Avoiding Cache Stampede at DoorDash
By Zohaib Sibte Hassan, Software Engineer at DoorDash
One of the core mottoes on the engineering team at DoorDash is:
We are only as good as our next delivery!
With high traffic loads and orders flying in, every engineering decision has a critical impact on what our customers, merchants, and dashers will experience. We have to pay careful attention to the details and performance of the system to ensure all three sides of the business are operating flawlessly.
The game of caches
Caching is one common, and well-practiced way to reduce load on database and improve latency for any particular service. This is usually effective for read intensive systems e.g. fetching a menu for a restaurant. In-memory data stores such as Redis, and Memcached are commonly used tools for such a task; though they introduce additional serialize/deserialize, and network overhead. This overhead can be reduced with the help of in-process thread-safe cache (usually an LRU hash map). This in-process cache serves as an L1 cache, while Redis serves as an L2 cache, and the DB serves as master.
Reads are optimized when the L1 cache has been populated with required entries. The problem arises when there is a cache miss, which can be due to cache expiration, deployment roll-out, or a server restart. In this case, new requests must go to L2 or DB to read the value again. Doing so during peak hours, and high load can result in multiple parallel duplicate reads. This behavior is usually known as Cache stampeding or Cache Miss Storm, which causes a spike in both network traffic and latency.
There are some existing approaches that rely on locking, or an external system refreshing the cache, or probabilistic early expiration. At DoorDash we wanted to solve the cache stampede that could be caused by a L1 cache miss, resulting in parallel duplicate reads to L2 or DB. Using built-in constructs from Kotlin coroutines we solved the problem without inventing another complex library. Towards the end of this post we will share some numbers and results we achieved. We heavily rely on GRPC, Netty and Kotlin coroutines to keep the internal microservices performant. This article assumes that readers have some basic understanding of coroutines, or the equivalent in their technology stack (Go calls them go-routines, C# calls them tasks, Python 3 also calls them coroutines etc.). While the solution discussed here is more specific to Kotlin, the general idea holds true everywhere and works really well for any event loop based async system. For example, the same effect can be achieved using Node.js promise with a simple dictionary.
The debouncer approach
To solve the problem, we took inspiration from something front-end engineers use frequently. Debouncing is a common practice in the JS world to prevent duplicate events from firing and causing noise in the system. A well-known way to create a debouncing function looks something like this (using lodash or underscore.js):
let debouncedFetchData = _.debounce(fetchData, 100); // use debouncedFetchData …

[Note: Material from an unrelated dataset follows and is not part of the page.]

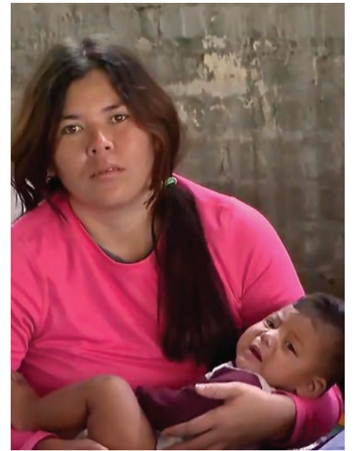
Many migrant families shelter on floors of Chicago police stations.

We need to adapt and start taking care of our new neighbors, and everyone in Chicago who needs help. The cruel austerity imposed upon us has led us to think mostly of taking care of number one. It would be a blessing to take care of one another. It's for all of us; what's good for you is good for me. The migrants are not taking away from us. In fact, they offer us an opportunity to regain the spirit of helping one another.

The above line creates a debounced function that delays invoking
fetchDatauntil after 100 milliseconds have elapsed since the last time the debounced function was invoked.
We wanted something similar to debounced function, but instead of waiting for 100 milliseconds, the winning coroutine among racing coroutines should quickly return a
Deferred, and the remaining coroutines should wait on the returned
Deferred rather than spinning up their own read. Different technologies have different names for
Promise, C# has
Task and so on. This debouncing can be grouped on an operation ID. For example, if we are trying to fetch a menu from Redis or Database with ID
701064, we can use
restaurant-fetch-701064 as a key to uniquely identify the operation. This operation may internally use exponential back-offs, call another service, read L2, fall back to database, or it might end up reading multiple tables to produce one value; but it should uniquely identify an operation that we want to deduplicate.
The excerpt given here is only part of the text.